“Me torcí el tobillo hace 2 años y aún me molesta, me dijeron que tengo un esguince mal curado”. Esta es una de las cosas que nos dicen nuestros pacientes cuando vienen a la consulta, o bien sufren dolor continuo después de haber transcurrido mucho tiempo tras sufrir una torcedura o esguince, o incluso tienden a tener esguinces repetidos ante la mínima exigencia en la articulación y sensación de que el tobillo falla.
Estos son algunos de los síntomas de la inestabilidad crónica de tobillo.
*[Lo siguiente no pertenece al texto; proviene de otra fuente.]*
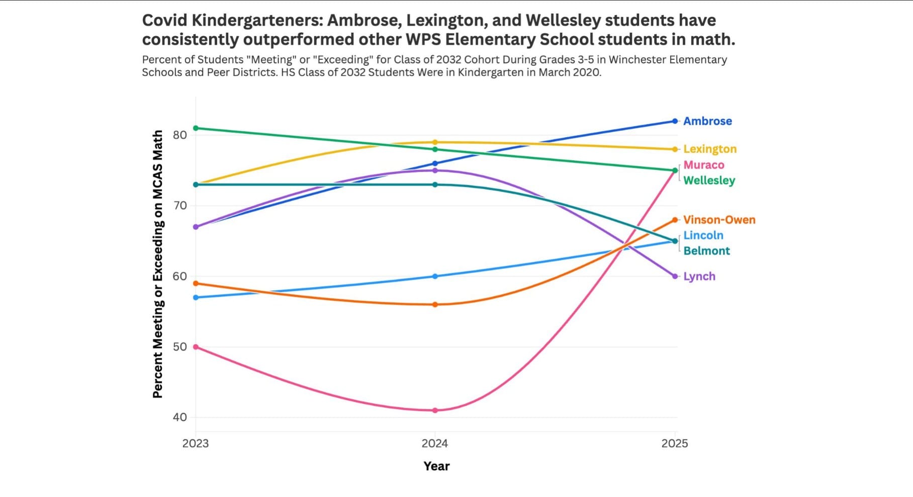 Superintendent Dr. Frank Hackett and School Committee member Timothy Matthews pointed to data showing that students who were in Kindergarten during the March 2020 closures have experienced steeper learning loss than peers in districts such as Lexington, Belmont and Wellesley.

En este artículo te hablamos de cómo realizar su valoración y tratamiento.

 

¿Qué es la inestabilidad crónica de tobillo?


Antes de ponernos a hablar sobre que es la inestabilidad crónica de tobillo, es interesante, que abordemos aunque sea de forma superficial, algunas características del esguince de tobillo.

El esguince de tobillo, especialmente el que compromete a su zona lateral, lo que denominaríamos esguince del ligamento lateral externo es una de las lesiones más comunes del aparato locomotor, entre un 10 y un 30% del total de las lesiones. (1)

Los esguinces de tobillo son más frecuentes en personas jóvenes y se relacionan con una práctica deportiva más intensa.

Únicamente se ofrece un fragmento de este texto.